— Мы с тобой весь вечер будто в прятки играем. Между тем ты отлично знаешь, что сейчас я еду во Львов. Ведь дальше на восток в пределах королевства больших городов нет.
— Почему же? — возразил граф. — Есть еще Острог. Князь Константин решил построить вторые Афины. Академию собирается открыть. У него частый гость ваш Курбский.
— Курбского я не видел много лет.
— Неужели? Я думал, вы, московиты, держитесь друг за друга.
— Московиты бывают разные. И не всегда мы можем похвастать большой дружбой между собой. Если бы это было иначе, не сидели бы триста лет под татарами. Могу тебя успокоить: к князю Константину я не еду. И от даренного Ходкевичем имения, как ты знаешь, отказался. Намерен жить во Львове сам по себе. Что же касается твоего интереса к моей особе, то тут мне не все понятно. Правда, в последнее время моя типография не давала покоя членам «Общества Иисуса».
— С какой стати им тревожиться по поводу твоей типографии? Да и что ты знаешь об ордене? Слышал, наверное, всякие небылицы о первом генерале, преподобном Игнатии Лойоле.
— Да, о нем я знаю. Как и о его преемнике кардинале Контарини, который убедил папу Павла III издать буллу, одобряющую действия «Общества Иисуса». Вместо Лойолы назначен новый генерал ордена. Если тебя интересует, знаю ли я его имя, — изволь. Это Пьетро Канизио, большой друг императора Фердинанда.

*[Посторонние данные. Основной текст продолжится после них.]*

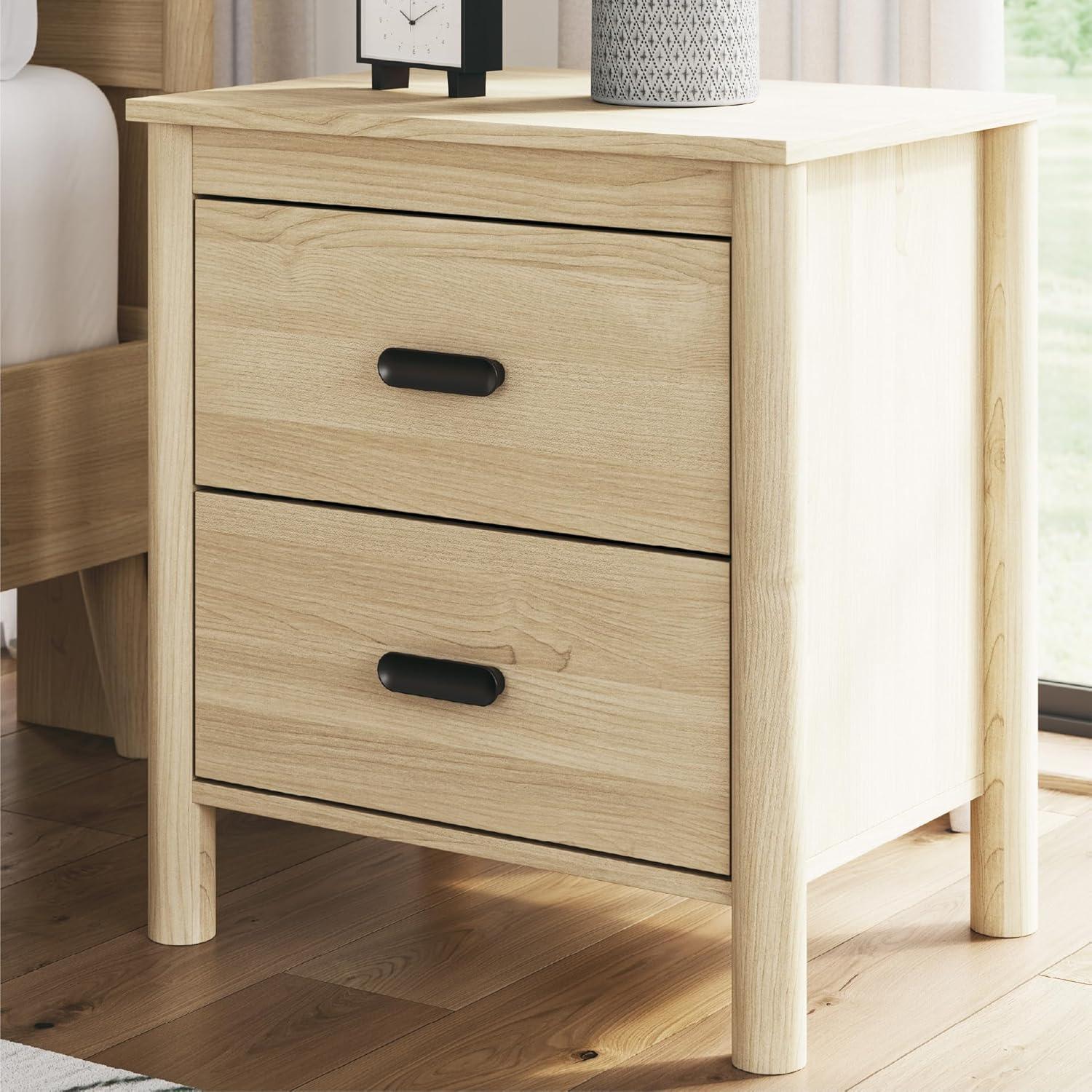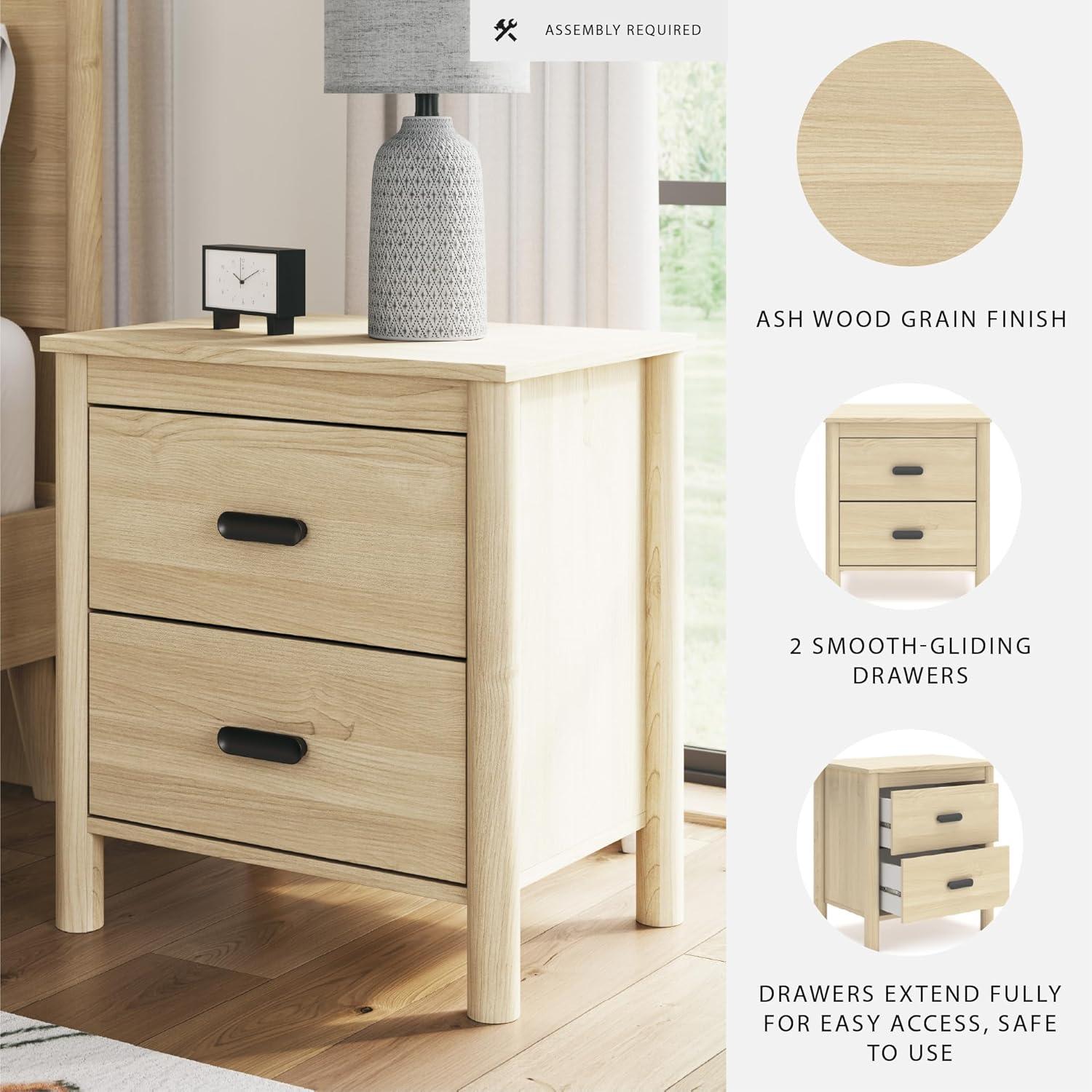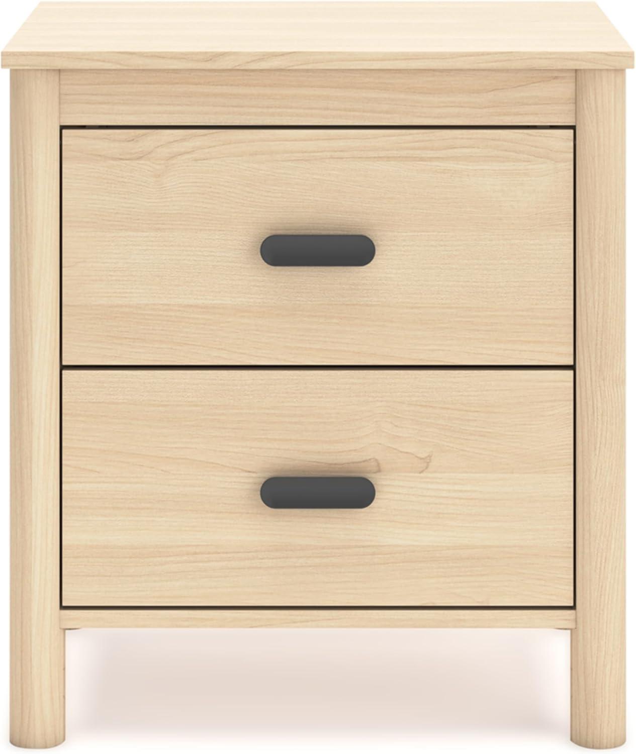 Signature Design by Ashley Hallityn Minimalist 2 Drawer Nightstand, Smooth-Gliding Drawers, Wood, 21.34″ W x 15.94″ D x 24.37″ H, Matte White Finish(Beige)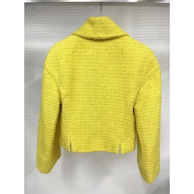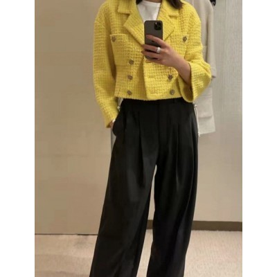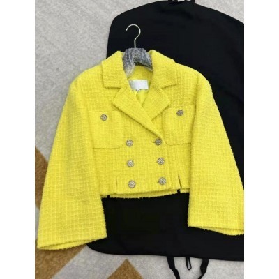 Autumn Women Short Double Breasted Tweed Jacket Luxury Brand Designer Vintage Office Lady Slim Fit C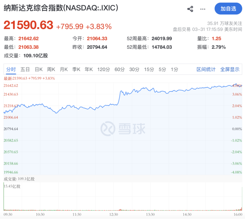 美东时间3月31日,美股三大指数大幅飙升,截至收盘,道指大涨2.49%,纳指暴涨3.83%,标普500指数大涨2.91%,均创下去年5月以来最大单日涨幅。
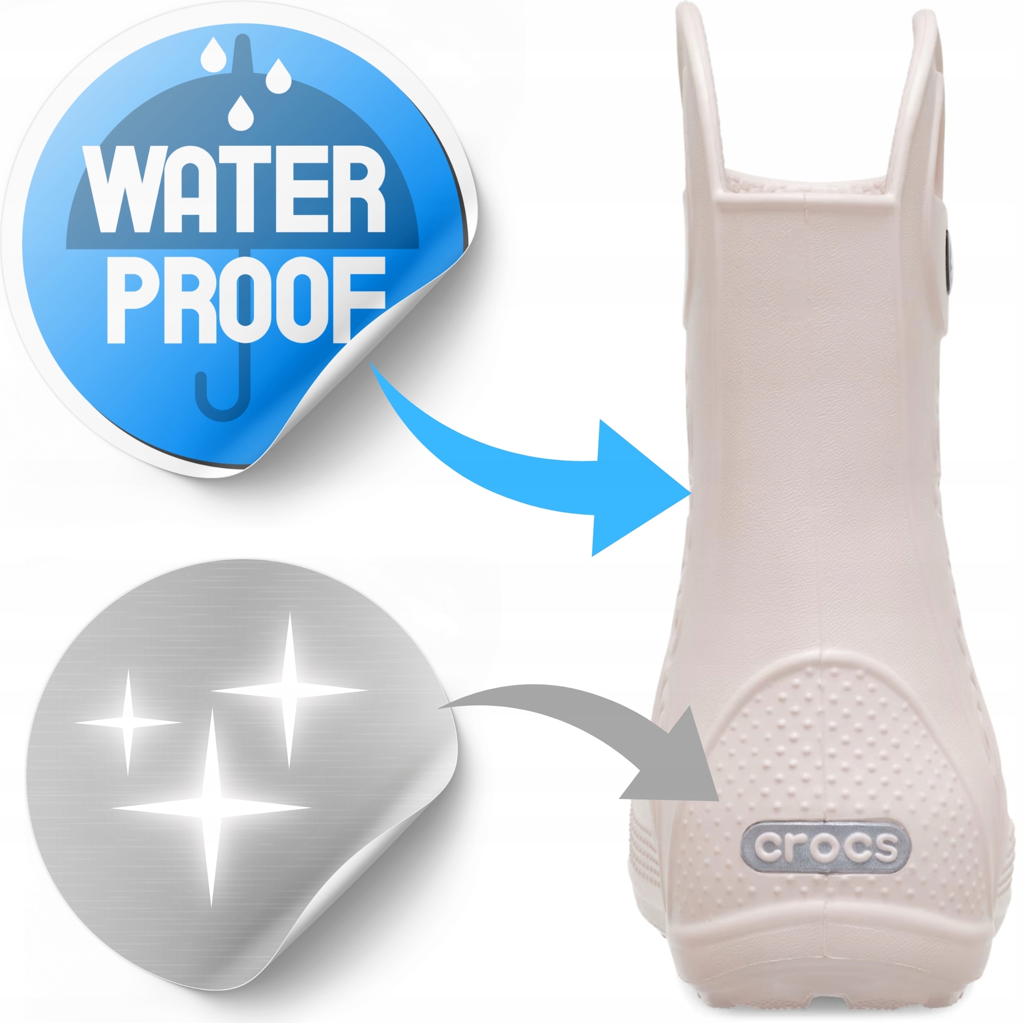 ⭐️ Завдяки використаному матеріалу черевики Crocs Wellington абсолютно водонепроникні. Вони не пропускають воду, що дозволяє дітям вільно стрибати в калюжах, не ризикуючи промочити ноги.

— Смело говоришь. И не боишься показать свою осведомленность, что не всегда безопасно. Ценю откровенность. Относительно друзей императора… Здесь сложнее. Откуда мы знаем, кто у императора в друзьях, а кто во врагах? Ты московит. Все вы держитесь за свою греческую веру и ненавидите Рим. Да не только московиты, а и наши русские и литвины. Вам бы всем свою веру навязать.
— Никому я ничего не хочу навязывать. И не хочу, чтоб навязывали мне. Вот почему мне и не по душе «Общество Иисуса». Для них все мы — и литвины, и русские, и московиты — схизматики, которые обязаны отречься и раскаяться, забыть свой язык и перейти на римский. А кому охота от своих отцов и от самого себя отрекаться?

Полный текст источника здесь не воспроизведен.